Matriarchy: Online and Offline

There has been a lot of talk in the media about women dominating social networks and conversations in general. There are infographics like Chicks Rule that clearly show the dominance of women on social networks. And offline we know that the buying power of women is growing.

I decided to see for myself and asked Keller Fay Group, Kred and Blitzmetrics for help with the data crunching. Here is what we found...

Need advice? Ask a Woman

While most marketers know that word of mouth is a powerful force in the marketplace, they would be well-advised to know that women's consumer advice is the most powerful, according to Ed Keller and Brad Fay, the authors of The Face-to-Face Book, newly published by Free Press.

The Keller Fay Group, a market research company focused on measuring word of mouth, has collected data showing that women have 72 conversations each week about brands and companies, versus 64 for men. Keller Fay research also shows that women are more strongly impacted by word of mouth than men. They are more apt to perceive advice from other consumers to be more credible than men do, and they are more likely to purchase based on word of mouth than men, although the results are strong for both genders.

What's particularly impressive is that men seem to agree that women give better advice than men do. When men receive consumer advice from a woman, 58% of the time they give that advice extremely high marks for credibility. In contrast, men give other men those high marks 50% of the time.
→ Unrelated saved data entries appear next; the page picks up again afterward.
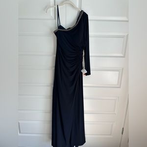 Mac Duggal 26039 Midnight One Shoulder Long Sleeve Asymmetric Formal Gown NWT
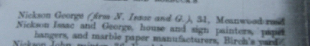 Home decoration and painting, and especially wallpaper, had become a thriving business as the 19th century progressed. Where it had once been an indulgence of the upper classes, it had moved beyond that. The middle classes wanted to make their mark on the houses they owned. Together, the brothers could take advantage of this (although their boast of ‘workmen sent all over the country’ was probably just as way to make themselves sound like a big firm). They were also listed as wallpaper marblers. This was a fad that had come back into vogue; knowing how to do it themselves would bring in more business.
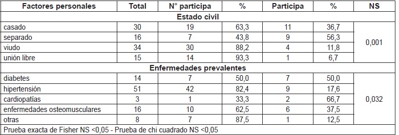 En la Tabla 2 se evidencia que los factores personales relacionados con la participación de los adultos en actividades productivas y de tiempo libre, fueron estado civil y enfermedades crónicas, las cuales fueron estadísticamente significativa (NS<0.05).
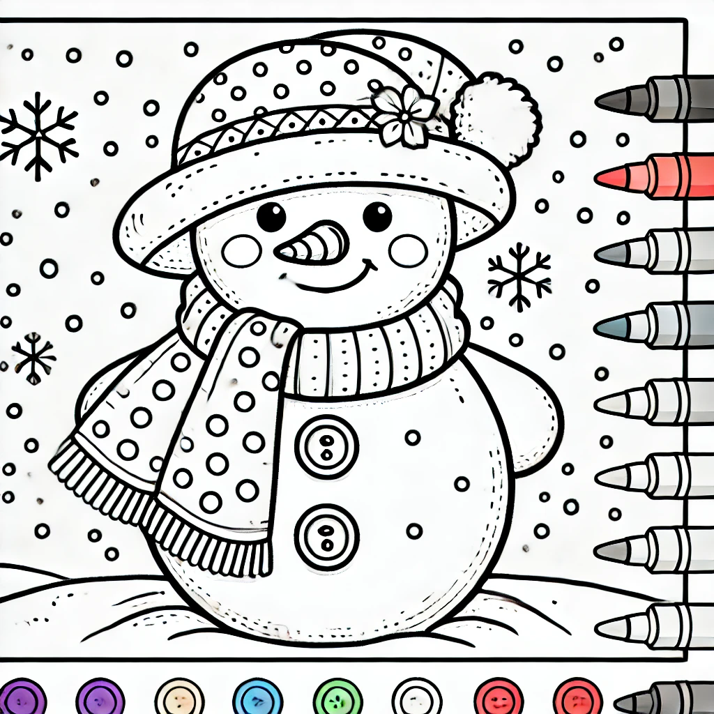 Dieses entzückende Ausmalbild zeigt einen niedlichen Schneemann, der eine gemütliche Mütze und einen Schal trägt und von fallenden Schneeflocken umgeben ist.
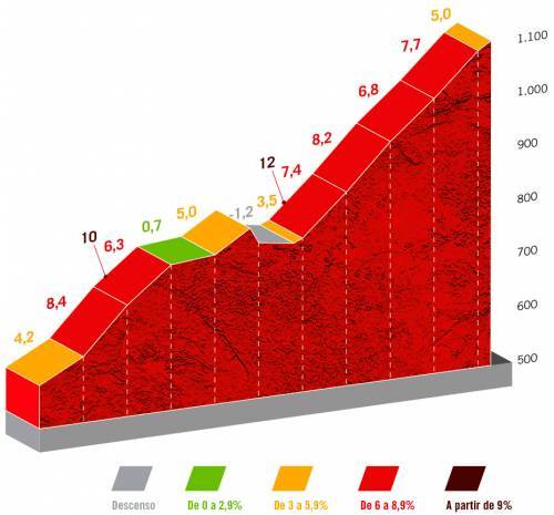 Dopo la partenza il gruppo troverà sotto le sue ruote pochissima pianura con la strada che sarà un continuo saliscendi; al km 133 è posto a Segura de Léon il traguardo volante. La salita finale che conduce al Monasterio de Tentudía che misura circa 9400 metri al 5,2%.

These statistics come from a very large research project called TalkTrack®, which uses a survey to monitor the conversations about products and brands that occur among every day consumers. According to the survey, about 90% of these conversations happen offline, including three-quarters that happen face-to-face. The research has involved 700 interviews every week for the last six years, more than 200,000 interviews in total.

"While there's so much excitement now about Facebook, Twitter and Pinterest, we think online social media is just the tip of the iceberg when it comes to understanding social media. And often, the iceberg that lies under the surface is very different from what is visible in social media," said Brad Fay, co-author of the book and co-founder of the research company.
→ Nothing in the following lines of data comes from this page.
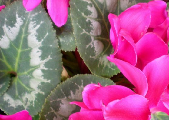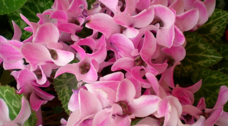 Hay variedades de Cyclamen Persicum con flores de colores extraordinariamente bellos, rosas con bordes blancos, rojos, blanco puro, morados, violetas, e incluso variedades con varios colores en la misma flor, rosas con bordes blancos o con petalos blancos manchados de rosa, todas ellas muy originales y decorativas. Muchas variedades tiene flores olorosas, que desprenden un agradable aroma. Las plantas de Cyclamen presentan a la vez, flores totalmente formadas y muchas otras que se esconden entre sus hojas y se están formando, en mayor o menor estado de madurez. Cuando vayamos a comprarlas, es mejor comprobar si el ejemplar tiene un gran numero de futuras flores formándose entre sus hojas, así nos aseguraremos una floración abundante.
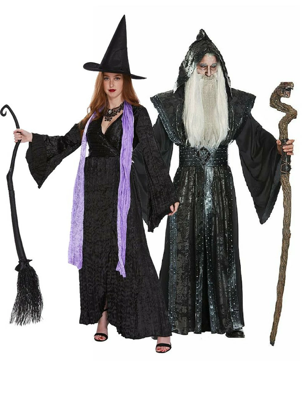 Something wicked this way comes… This beautiful Dark Wizard Adult costume, which includes a floor-length black robe with oversized sleeves, a studded black cloak with pointed shoulders and a pointy hood, and a studded black belt featuring a dragon buckle, will make you want to start brewing potions and casting spells.
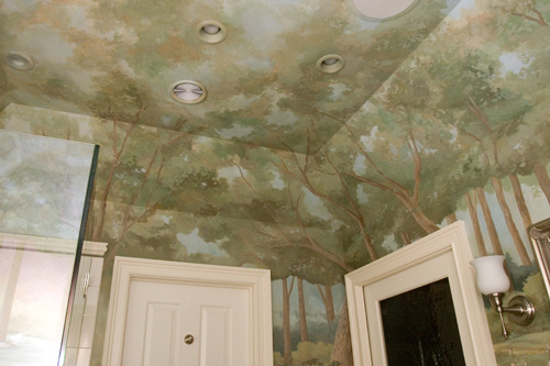 This bathroom was a mystical woodland design. The trees rose from the walls onto the ceiling forming a canopy. I have promised myself to someday paint something like this for myself in a space where I can read and sleep. I'd be very happy, trust me.
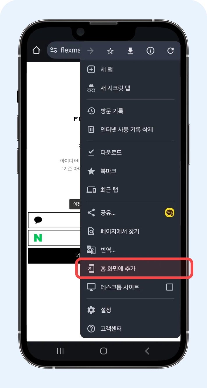 3. 홈 화면에 추가 터치
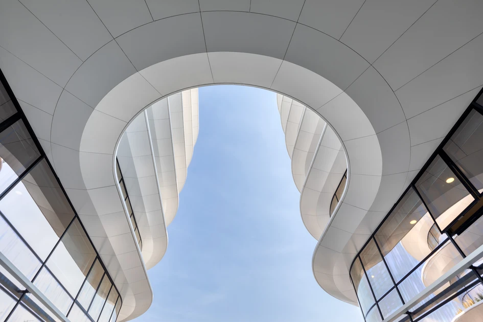 The design connects and unifies all elements, creating a dynamic yet elegant silhouette. The façade is consisted of the glazing parts and from the white striations made of white stain/pollution resistant etalbond® aluminium composite panels.

Women are usually more active on social networks

Now let's look at women's participation on two social channels:Twitter and Facebook.

To look at Twitter engagement, I asked the data team at Kred, a tool that measures online influence, to run the numbers last week on female vs. male activity on the network globally. Kred examined more than 900M tweets generated in a 72-hour period and identified accounts that were unmistakably female- or male-owned (the rest either belonged to businesses or could not be determined).

The first finding was that women create more content on Twitter; out of the 900M tweets, 19% were posts by women vs. 15% by men. They also have a greater tendency to engage, showing generosity with retweeting others and replying to others. 22% of approximately 170M retweets in the three-day period were from female accounts while 15% were from male-identified accounts. Of the 269M replies, women generated 19% while 16% came from men.

To explore Facebook engagement, I asked Blitzmetrics team to run a query on female vs. male interaction on the network. The results were interesting. They showed that on Facebook women are extremely active, but prefer a lightweight interaction ("likes" vs. comments). Out of 1 million posts, with 69% of them in US and 31% international, Blitzmetrics found the following:

  • Altogether worldwide 51% of post "likes" were generated by women. In the U.S. only, the number was 55%, and outside of the U.S, it was 45% (note that Facebook penetration is different in different countries).
  • Women also tend to "L=like" comments themselves. In the U.S., 59% of "likes on comments" were from women. Outside of the U.S., that number fell to 45%.
  • To be fair, men generated more posts and comments than women. The result is consistent within the U.S. as well as outside it: comments by men comprised 55% vs. 45% by women.

So there you have it, it seems that women mostly do dominate the conversations both online and offline. Not only that, they seem to hold more influence when it comes to advice on purchasing decisions.